다음과 같이 $A,B$ 두 개의 state에 대한 8개의 episode가 있다고 하자. 이때 batch로 value function을 계산한 결과는 MC와 TD가 다르다.

- MC always converges to solution with minimun mean-squared error(MSE)
- Best fit to the observed returns
- Minimize with respect to all steps and episodes
$$\sum_{k=1}^{K}\sum_{t=1}^{T_{k}}(G^{k}_{t}-V(s^{k}_{t}))^{2}$$
- In the AB example, $V(A)=0$
- TD(0) converges to solution of maximum likelihood Markov model
- Solution to the MDP $\left\langle \mathcal{S}, \mathcal{A}, \mathcal{\hat{P}}, \mathcal{\hat{R}}, \mathcal{r} \right\rangle$ that best fits the data
$$\begin{array}{rcl}
\hat{\mathcal{P}}^{a}_{s,\acute{s}} & = &\frac{1}{N(s,a)}\sum_{k=1}^{K}\sum_{t=1}^{T_{k}}\textbf{1}(s^{k}_{t},a^{k}_{t},s^{k}_{t+1}=s,a,\acute{s}) \\
\hat{\mathcal{R}}^{a}_{s} & = & \frac{1}{N(s,a)}\sum_{k=1}^{K}\sum_{t=1}^{T_{k}}\textbf{1}(s^{k}_{t},a^{k}_{t}=s,a)r^{k}_{t}
\end{array}$$
- In the AB example, $V(A)=0.75$
(4) Unified View for Model-Free Prediction
i. Back-up diagrams
Monte-Carlo Backup: $V(S_{t}) \leftarrow V(S_{t})+\alpha(G_{t}-V(S_{t}))$ |
![]() |
Temporal-Difference Backup: $V(S_{t}) \leftarrow V(S_{t})+\alpha(R_{t+1}+\gamma V(S_{t+1})-V(S_{t}))$ |
![]() |
Dynamic Programming Backup: $V(S_{t}) \leftarrow \mathbb{E}_{\pi} \left[ R_{t+1}+\gamma V(S_{t+1}) \right]$ |
![]() |

ii.
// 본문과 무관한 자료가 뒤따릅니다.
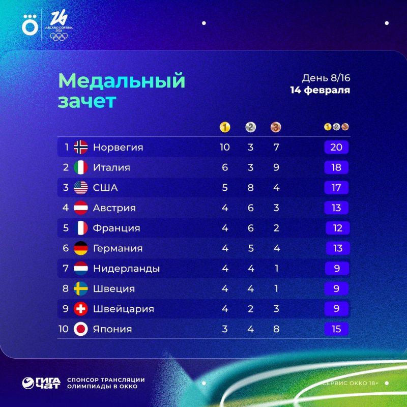 На Олимпийских играх в Италии 14 февраля было разыграно восемь комплектов наград.
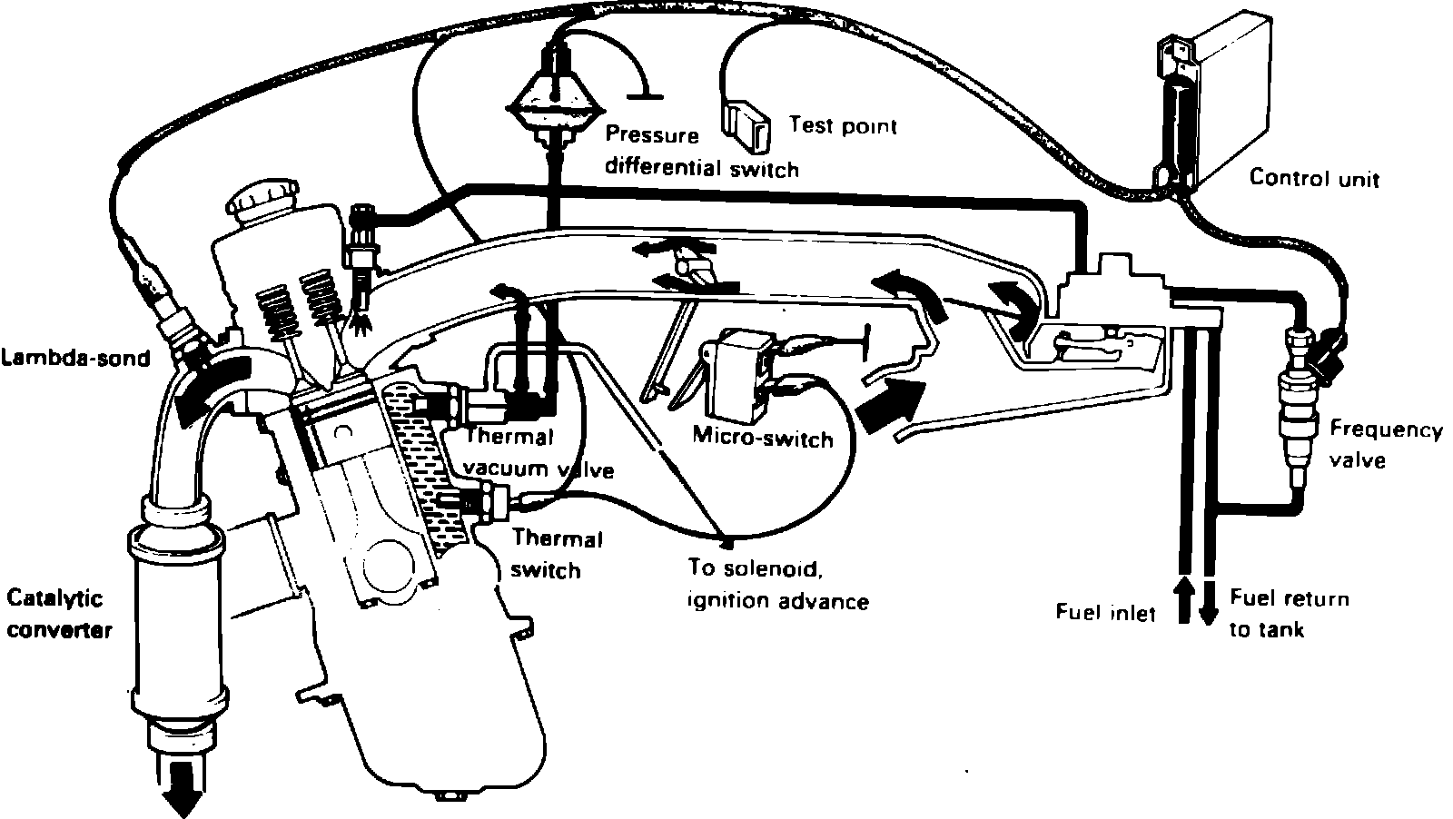 This system, Fig. 1, consists of an electronic control unit, thermal vacuum valve, thermal switch, relay, frequency valve, microswitch, oxygen sensor and a pressure differential switch. This system works in conjunction with a three-way catalytic converter and continuously ``fine tunes'' the quantity of injected fuel into the engine. By fine tuning the injected fuel, more effective combustion can be obtained. When the air/fuel mixture is rich, the oxygen content is low. When the air/fuel mixture is lean, the oxygen content is high. The oxygen sensor is located on the exhaust manifold before the three-way catalytic converter and senses exhaust heat. When hot, the oxygen sensor produces a voltage according to the oxygen content. The electronic control unit senses this voltage and grounds the frequency valve in cycles; this is called the Duty Cycle. The amount of time the frequency valve is grounded depends on the oxygen sensor voltage. The frequency valve controls fuel pressure in the air/fuel electronic control unit's pressure differential valve. The Duty Cycle can be measured by connecting a dwell meter to the test point, Fig. 2. In the event the oxygen sensor becomes damaged, the electronic control unit will operate on a fixed Duty Cycle. Under certain operating conditions, a richer air-fuel mixture is needed. To accomplish this, the system has other components which temporarily ground the electronic control unit, resulting in a fixed Duty Cycle, producing an enriched mixture.
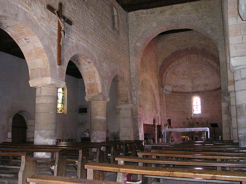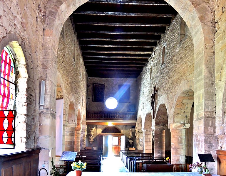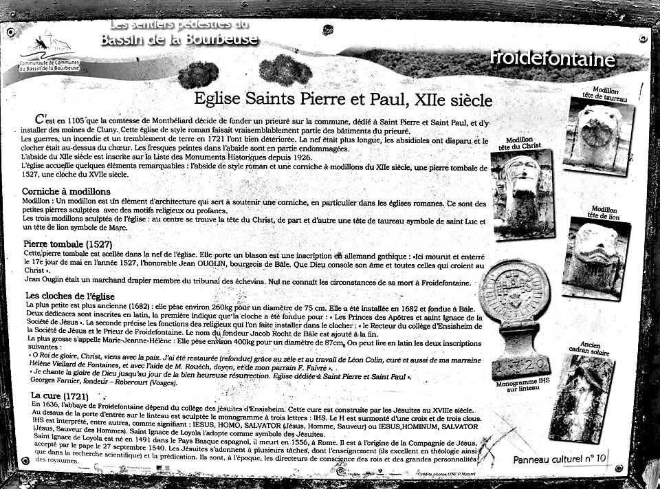Au sud-est de Belfort, dans le Sundgau, l'église romane de Froidefontaine est dédiée à saint Pierre. Elle dépendait du prieuré clunisien fondé en 1105 par Ermentrude, veuve du comte Thierry de Montbéliard et sœur du pape Calixte II et de l'archevêque de Besançon Hugues II. Le prieuré, construit au XIIe siècle, connut une période de déshérence aux XVIe et début XVIIe siècles. Il fut attribué vers 1636 au collège des Jésuites d'Ensisheim par l'archiduc Léopold de Habsbourg (1614-1662), héritier de l'avouerie du prieuré. De ce renouveau communal date le bâtiment situé au nord de l'église, construit en 1720. Des travaux de réparation et de reconstruction de la nef ont également été menés au début du XVIIe siècle. Lorsque l'ordre des Jésuites fut supprimé en Alsace en 1765, les biens du collège d'Ensisheim furent attribués au Collège royal de Colmar jusqu'à la Révolution française. Au début du XIXe siècle, le prieuré connut de nouvelles transformations : deux bâtiments abbatiaux furent détruits et les travées occidentales de la nef furent partiellement démolies. Une nouvelle façade fut dessinée en 1833 par l'architecte belfortain Aristide Poisat. Avant la Révolution, l'église avait déjà perdu certains éléments romans — l'absidiole sud et le bras de transept sud, identifiés par sondage archéologique — ainsi que sa toiture à deux pans; il est possible que le clocher ait précédemment été placé à la croisée du transept. Des travaux menés en 1953 puis entre 1970 et 1980 ont encore modifié l'édifice. L'église présente un vaisseau de type basilical avec une nef et des bas-côtés sur quatre travées, plusieurs travées occidentales faisant défaut. La nef comporte quatre travées d'arcade en plein cintre reposant sur des piles cylindriques munies de tablettes carrées chanfreinées et d'une base octogonale taillée net. Les colonnes de la première travée, plus massives, portent des chapiteaux cubiques surmontés de tailloirs moulurés. Le chœur s'ouvre sur une abside en demi-cercle voûtée en cul-de-four; l'arc de l'abside repose sur des impostes sculptées. À l'extérieur, l'abside est ornée d'une corniche ouvragée intégrant trois têtes sculptées. Divers éléments sculptés ont par ailleurs été retrouvés aux abords de l'église. René Tournier rattache stylistiquement Froidefontaine à l'influence rhénane, rapprochement compatible avec d'autres églises romanes du Sundgau telles que l'église Saint-Jacques-le-Majeur de Feldbach.

Bootstrapping and Sampling
- Bootstrapping: update involves an estimate
- MC does not bootstrap
- DP bootstraps
- TD bootstraps
- Sampling: update samples an expectation
- MC samples
- DP does not sample
- TD samples
참고) stackexchange글에 Bootstrap, Sampling in RL에 대한 좋은 설명이 있다.
4. TD($\lambda$)
(1) $n$-Step Prediction
TD learning에서 step수를 더 늘려서 target을 설정할 수 있다.
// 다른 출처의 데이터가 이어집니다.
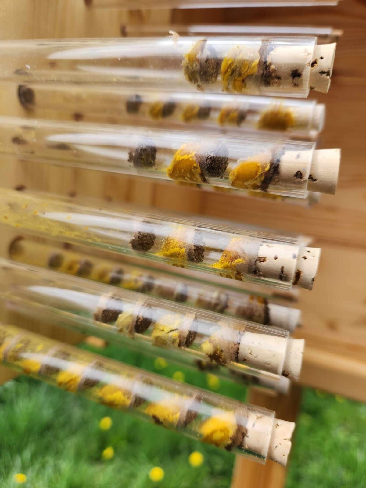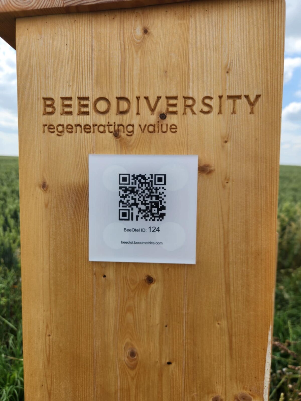 “Every two weeks, the farmer takes a moment to scan the code, photograph the dials, and carefully replace the tubes that have been occupied. When a bee lays an egg, it seals the tube with a cap made from soil or resin, leaving behind a trace of where it’s been - a mix of pollen, sometimes nectar, and the stories of nearby plants” shares Quentin Meekers, Biometrics Lead (Biodiversity).
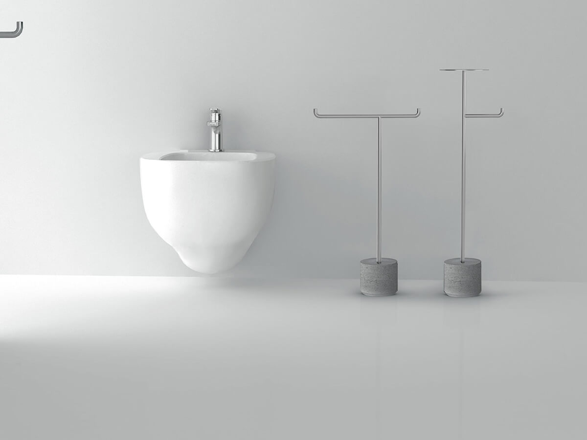 La piantana portasciugamani Iko di Boffi, firmata dal designer giapponese Kensaku Oshiro, è un accessorio per il bagno originale e formalmente impeccabile. Si compone di uno stabile basamento cilindrico in pietra Serena sopra il quale si erge un sottile fusto in tondino di acciaio inox satinato Aisi 304, sul quale poi si innesta un elemento orizzontale che culmina in ambo le estremità in un leggero rialzo verticale. Iko trae il suo nome l’ispirazione per le sue forme dal tradizionale sostegno utilizzato in Giappone per riporre il Kimono ed è disponibile in tre varianti, caratterizzate dal diverso punto di raccordo fra elemento orizzontale verticale e dalla presenza in una di esse di un pratico pianetto porta rotolo.
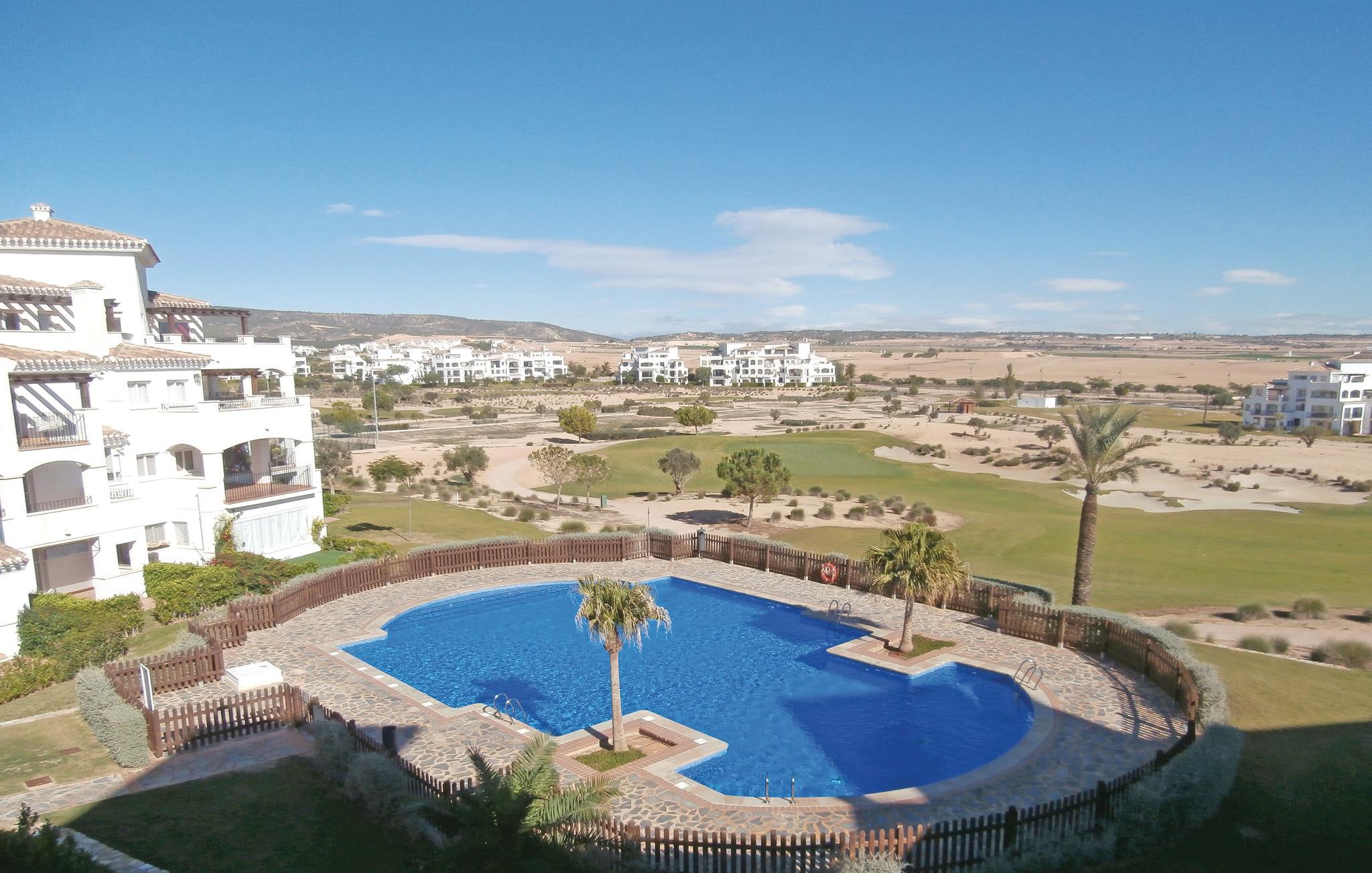 Gemütliches Ferienapartment mit mit Terrasse und Blick auf Abschlag Loch 13. des Golfplatzes. Mit Klimaanlage im Wohn- und den Schlafzimmern. Der Pool befindet sich direkt am Gebäude und nur wenige Meter von den Sportplätzen wie z.B. Paddle, Boccia und Basketball entfernt.

- Consider the following $n$-step returns for $n=1,2,\dots,\infty$
$$\begin{array}{rcl}
n=1 & \text{(TD)} & G^{(1)}_{t}=R_{t+1}+\gamma V(S_{t+1}) \\
n=2 & \ & G^{(2)}_{t}=R_{t+1}+\gamma R_{t+2}+\gamma^{2} V(S_{t+2}) \\
\vdots & & \vdots \\
n=\infty & \text{(MC)} & G^{(\infty)}_{t}=R_{t+1}+\gamma R_{t+2}+\cdots +\gamma^{T-1}R_{T}\\
\end{array}$$
$$\text{n-step return : } G^{(n)}_{t}=R_{t+1}+\gamma R_{t+2}+\cdots +\gamma^{n-1}R_{t+n}+\gamma^{n}V(S_{t+n})$$
- n-step temporal difference learning
$$V(S_{t}) \leftarrow V(S_{t})+\alpha\left(\color{blue} G^{n}_{t}\color{black}-\color{green}V(S_{t}) \right)$$
$$\begin{array}{rcl}
\color{blue} G^{n}_{t} \color{black} &:&
\text{ n-step estimated reward} \\
\color{green}V(S_{t})\color{black} &:& \text{estimated value function} \\
\color{blue}G^{n}_{t}\color{black}-\color{green}V(S_{t}) &:& \color{black}\text{error term}
\end{array} \\
$$

(2) TD($\lambda$): Averaging $n$-Step Returns
We can average $n$-step return over different $n$(e.g. average the 2-step, 4-step returns: $\frac{1}{2}G^{2}+\frac{1}{2}G^{4}$). Can we efficiently combine information from all time-steps?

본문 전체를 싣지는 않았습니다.